►
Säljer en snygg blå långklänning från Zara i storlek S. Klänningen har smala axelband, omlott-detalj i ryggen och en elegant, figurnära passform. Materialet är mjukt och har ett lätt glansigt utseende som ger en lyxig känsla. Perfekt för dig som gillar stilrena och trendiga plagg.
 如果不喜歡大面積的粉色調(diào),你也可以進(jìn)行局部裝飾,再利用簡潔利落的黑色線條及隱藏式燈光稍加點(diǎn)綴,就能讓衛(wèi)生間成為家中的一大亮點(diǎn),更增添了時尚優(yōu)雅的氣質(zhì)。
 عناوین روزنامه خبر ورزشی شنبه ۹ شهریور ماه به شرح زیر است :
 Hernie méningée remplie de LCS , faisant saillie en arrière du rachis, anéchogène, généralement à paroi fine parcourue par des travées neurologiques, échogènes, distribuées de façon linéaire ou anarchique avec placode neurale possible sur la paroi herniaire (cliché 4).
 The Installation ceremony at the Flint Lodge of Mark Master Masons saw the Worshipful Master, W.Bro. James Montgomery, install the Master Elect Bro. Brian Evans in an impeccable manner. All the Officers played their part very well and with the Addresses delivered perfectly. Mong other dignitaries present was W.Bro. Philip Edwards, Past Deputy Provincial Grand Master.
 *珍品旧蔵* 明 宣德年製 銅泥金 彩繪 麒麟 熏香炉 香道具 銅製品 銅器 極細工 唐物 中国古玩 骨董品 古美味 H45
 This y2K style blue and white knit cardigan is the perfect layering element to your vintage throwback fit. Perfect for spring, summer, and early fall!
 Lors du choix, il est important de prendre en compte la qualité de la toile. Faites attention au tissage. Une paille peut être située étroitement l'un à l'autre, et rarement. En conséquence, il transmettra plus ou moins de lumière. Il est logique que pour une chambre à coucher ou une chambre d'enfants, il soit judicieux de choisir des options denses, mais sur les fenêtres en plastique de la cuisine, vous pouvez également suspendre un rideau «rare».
◄
Problem - Would you mind copying all of the records exactly?

Your response -
Säljer en snygg blå långklänning från Zara i storlek S. Klänningen har smala axelband, omlott-detalj i ryggen och en elegant, figurnära passform. Materialet är mjukt och har ett lätt glansigt utseende som ger en lyxig känsla. Perfekt för dig som gillar stilrena och trendiga plagg.
 如果不喜歡大面積的粉色調(diào),你也可以進(jìn)行局部裝飾,再利用簡潔利落的黑色線條及隱藏式燈光稍加點(diǎn)綴,就能讓衛(wèi)生間成為家中的一大亮點(diǎn),更增添了時尚優(yōu)雅的氣質(zhì)。
 عناوین روزنامه خبر ورزشی شنبه ۹ شهریور ماه به شرح زیر است :
 Hernie méningée remplie de LCS , faisant saillie en arrière du rachis, anéchogène, généralement à paroi fine parcourue par des travées neurologiques, échogènes, distribuées de façon linéaire ou anarchique avec placode neurale possible sur la paroi herniaire (cliché 4).
 The Installation ceremony at the Flint Lodge of Mark Master Masons saw the Worshipful Master, W.Bro. James Montgomery, install the Master Elect Bro. Brian Evans in an impeccable manner. All the Officers played their part very well and with the Addresses delivered perfectly. Mong other dignitaries present was W.Bro. Philip Edwards, Past Deputy Provincial Grand Master.
 *珍品旧蔵* 明 宣德年製 銅泥金 彩繪 麒麟 熏香炉 香道具 銅製品 銅器 極細工 唐物 中国古玩 骨董品 古美味 H45
 This y2K style blue and white knit cardigan is the perfect layering element to your vintage throwback fit. Perfect for spring, summer, and early fall!
 Lors du choix, il est important de prendre en compte la qualité de la toile. Faites attention au tissage. Une paille peut être située étroitement l'un à l'autre, et rarement. En conséquence, il transmettra plus ou moins de lumière. Il est logique que pour une chambre à coucher ou une chambre d'enfants, il soit judicieux de choisir des options denses, mais sur les fenêtres en plastique de la cuisine, vous pouvez également suspendre un rideau «rare».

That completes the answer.